Records supplied:
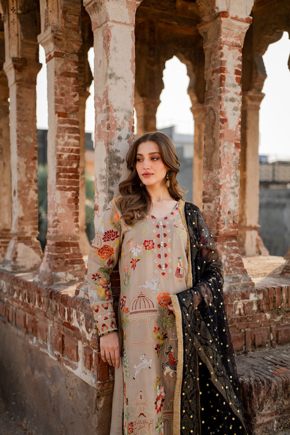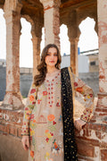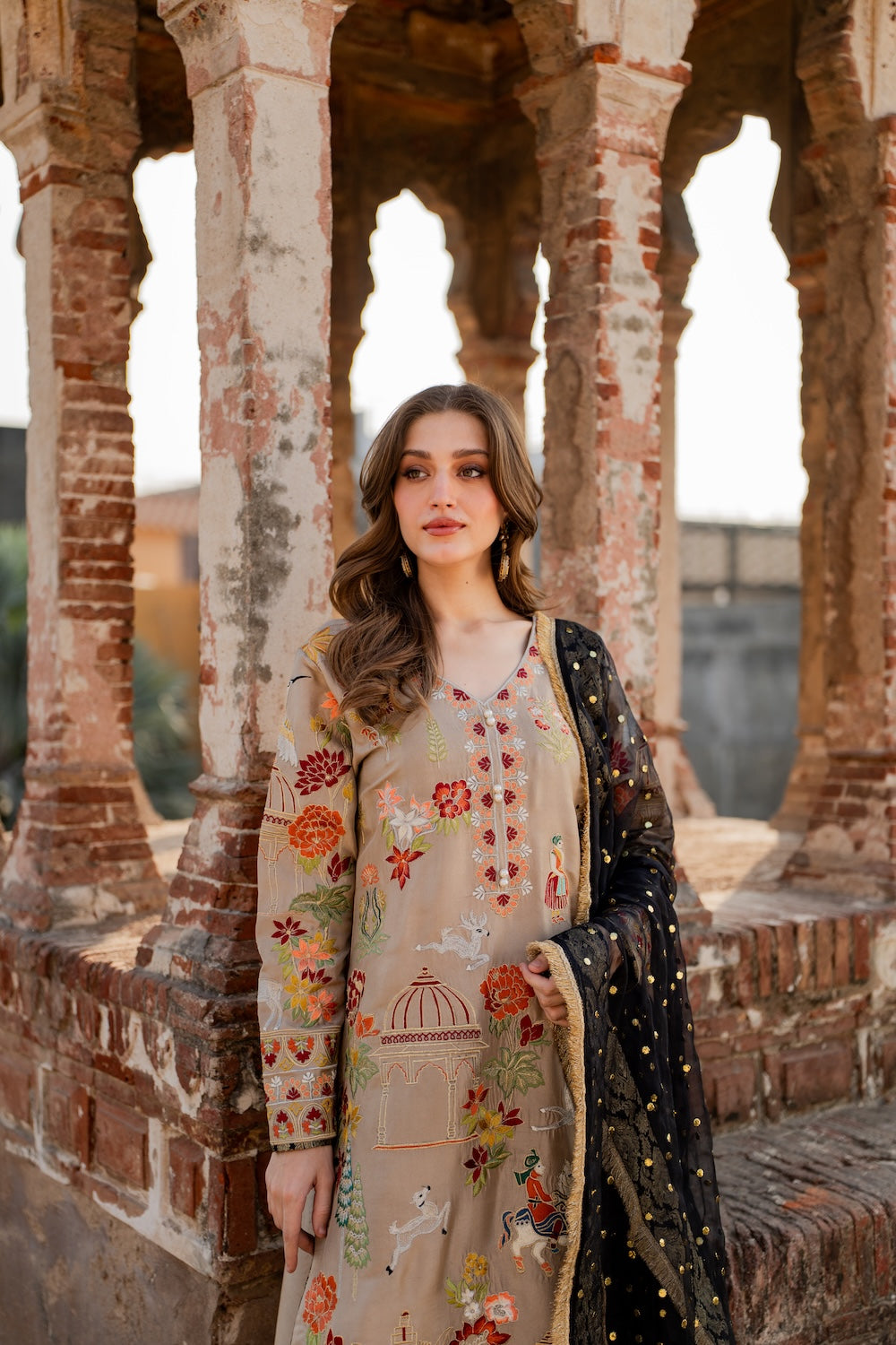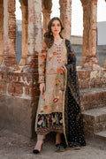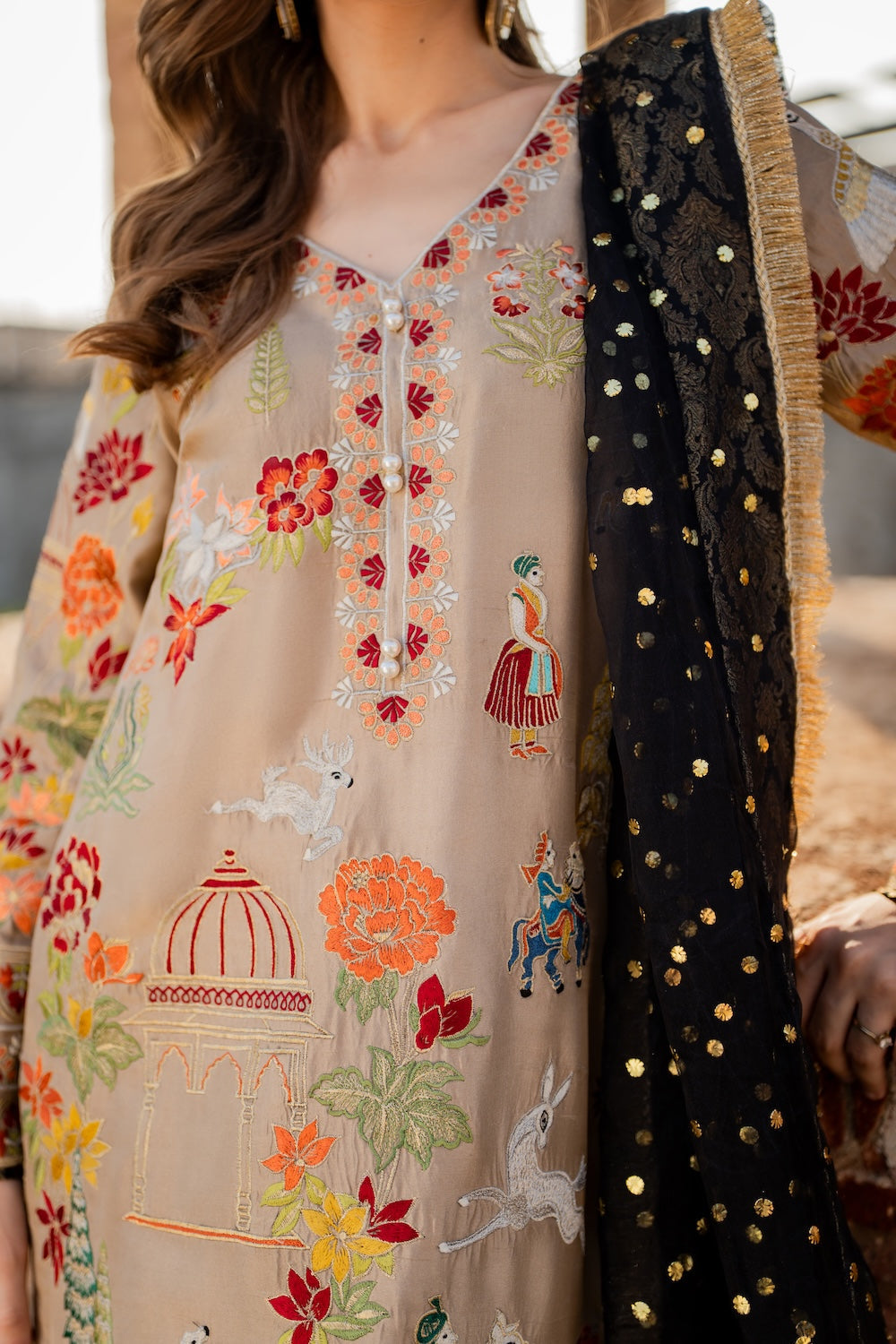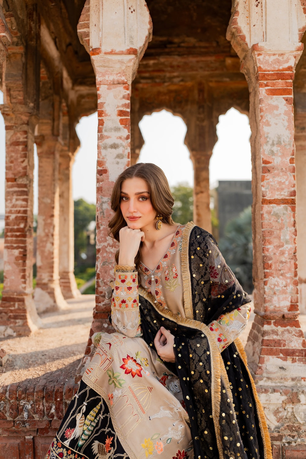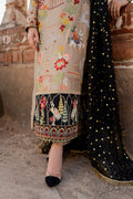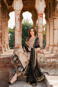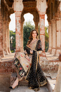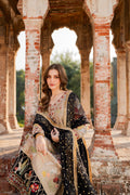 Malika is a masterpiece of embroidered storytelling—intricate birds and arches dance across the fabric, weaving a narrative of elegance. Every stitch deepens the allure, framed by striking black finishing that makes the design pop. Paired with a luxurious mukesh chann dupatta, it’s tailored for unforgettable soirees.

--

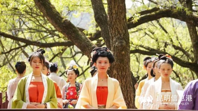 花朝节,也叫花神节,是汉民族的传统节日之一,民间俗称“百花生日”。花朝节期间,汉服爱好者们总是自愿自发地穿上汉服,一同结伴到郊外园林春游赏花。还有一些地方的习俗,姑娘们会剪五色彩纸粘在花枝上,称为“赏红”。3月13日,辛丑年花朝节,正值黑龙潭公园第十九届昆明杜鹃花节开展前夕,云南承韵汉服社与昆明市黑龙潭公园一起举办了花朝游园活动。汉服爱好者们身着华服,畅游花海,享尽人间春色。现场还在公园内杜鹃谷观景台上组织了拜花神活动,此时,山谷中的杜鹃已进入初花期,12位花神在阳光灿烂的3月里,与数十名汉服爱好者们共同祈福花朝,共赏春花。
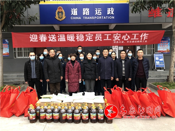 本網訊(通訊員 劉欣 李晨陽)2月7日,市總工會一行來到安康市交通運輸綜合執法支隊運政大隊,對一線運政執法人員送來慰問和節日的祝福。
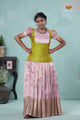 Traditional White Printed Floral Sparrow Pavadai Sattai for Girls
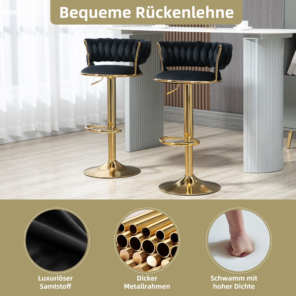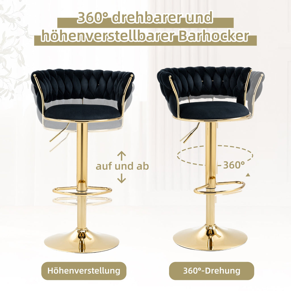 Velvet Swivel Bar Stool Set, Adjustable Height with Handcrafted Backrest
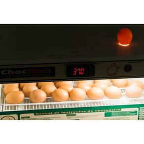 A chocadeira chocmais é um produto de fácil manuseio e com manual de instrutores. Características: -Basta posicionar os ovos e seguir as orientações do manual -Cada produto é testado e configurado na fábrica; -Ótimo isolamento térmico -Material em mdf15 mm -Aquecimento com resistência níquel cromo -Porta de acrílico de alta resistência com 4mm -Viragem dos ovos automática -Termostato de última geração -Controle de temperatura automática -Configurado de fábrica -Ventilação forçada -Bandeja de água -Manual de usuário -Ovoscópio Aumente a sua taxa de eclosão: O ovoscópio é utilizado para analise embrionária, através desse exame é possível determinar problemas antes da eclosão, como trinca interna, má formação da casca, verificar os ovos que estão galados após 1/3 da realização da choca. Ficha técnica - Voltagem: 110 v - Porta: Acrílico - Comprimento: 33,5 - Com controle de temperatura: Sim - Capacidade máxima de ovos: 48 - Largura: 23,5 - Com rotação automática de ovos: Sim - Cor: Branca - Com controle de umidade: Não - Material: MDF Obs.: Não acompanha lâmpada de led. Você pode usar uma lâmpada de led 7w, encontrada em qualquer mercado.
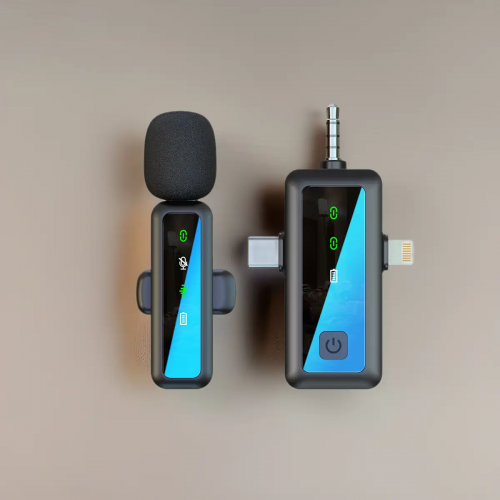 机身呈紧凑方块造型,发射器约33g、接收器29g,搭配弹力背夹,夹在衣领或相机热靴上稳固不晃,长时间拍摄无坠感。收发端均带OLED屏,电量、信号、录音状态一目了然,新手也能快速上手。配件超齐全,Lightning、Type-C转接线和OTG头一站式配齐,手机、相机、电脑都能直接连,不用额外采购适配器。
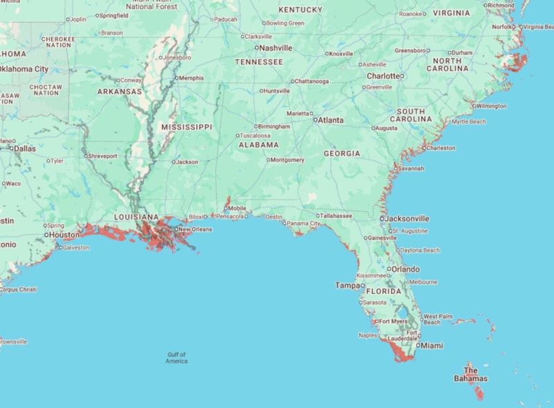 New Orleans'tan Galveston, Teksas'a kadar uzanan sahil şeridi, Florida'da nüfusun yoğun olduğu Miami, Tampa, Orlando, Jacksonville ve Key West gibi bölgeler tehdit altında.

---

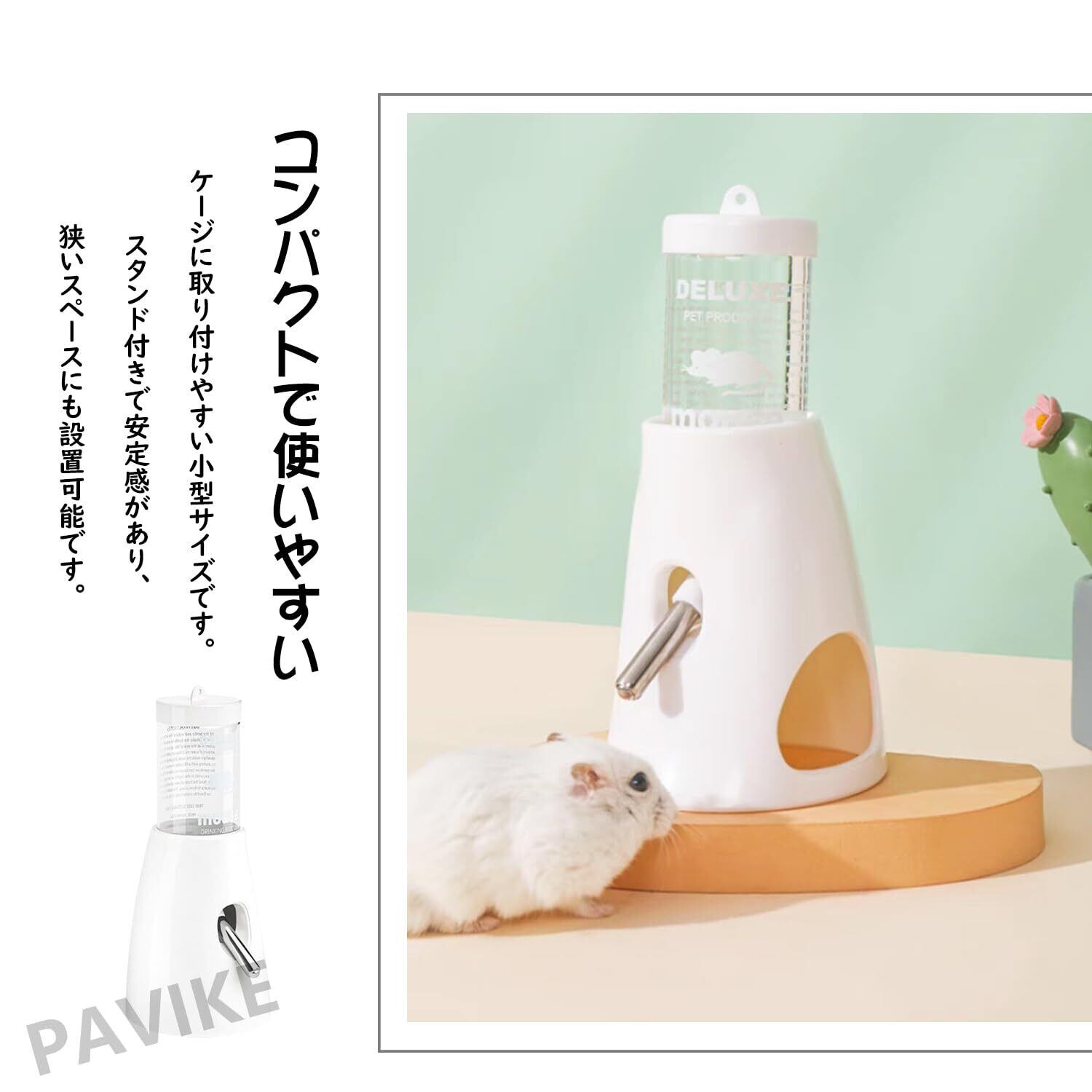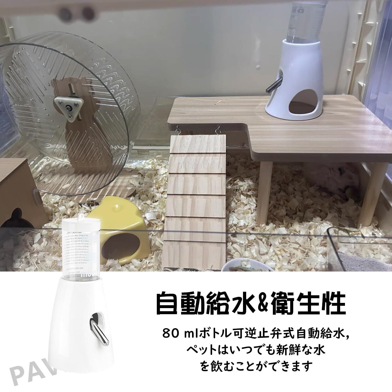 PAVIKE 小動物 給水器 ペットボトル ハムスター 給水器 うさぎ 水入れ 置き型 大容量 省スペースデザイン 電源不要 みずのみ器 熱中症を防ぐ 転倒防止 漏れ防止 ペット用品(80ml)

Task requirements:
From the listing above, please give again the lines that begin with the line holding "花朝节,也叫花神节,是汉民族" and go on through the line holding "Velvet Swivel Bar", exactly, both ends included, minus any picture.

Exercise answer:
 花朝节,也叫花神节,是汉民族的传统节日之一,民间俗称“百花生日”。花朝节期间,汉服爱好者们总是自愿自发地穿上汉服,一同结伴到郊外园林春游赏花。还有一些地方的习俗,姑娘们会剪五色彩纸粘在花枝上,称为“赏红”。3月13日,辛丑年花朝节,正值黑龙潭公园第十九届昆明杜鹃花节开展前夕,云南承韵汉服社与昆明市黑龙潭公园一起举办了花朝游园活动。汉服爱好者们身着华服,畅游花海,享尽人间春色。现场还在公园内杜鹃谷观景台上组织了拜花神活动,此时,山谷中的杜鹃已进入初花期,12位花神在阳光灿烂的3月里,与数十名汉服爱好者们共同祈福花朝,共赏春花。
 本網訊(通訊員 劉欣 李晨陽)2月7日,市總工會一行來到安康市交通運輸綜合執法支隊運政大隊,對一線運政執法人員送來慰問和節日的祝福。
 Traditional White Printed Floral Sparrow Pavadai Sattai for Girls
 Velvet Swivel Bar Stool Set, Adjustable Height with Handcrafted Backrest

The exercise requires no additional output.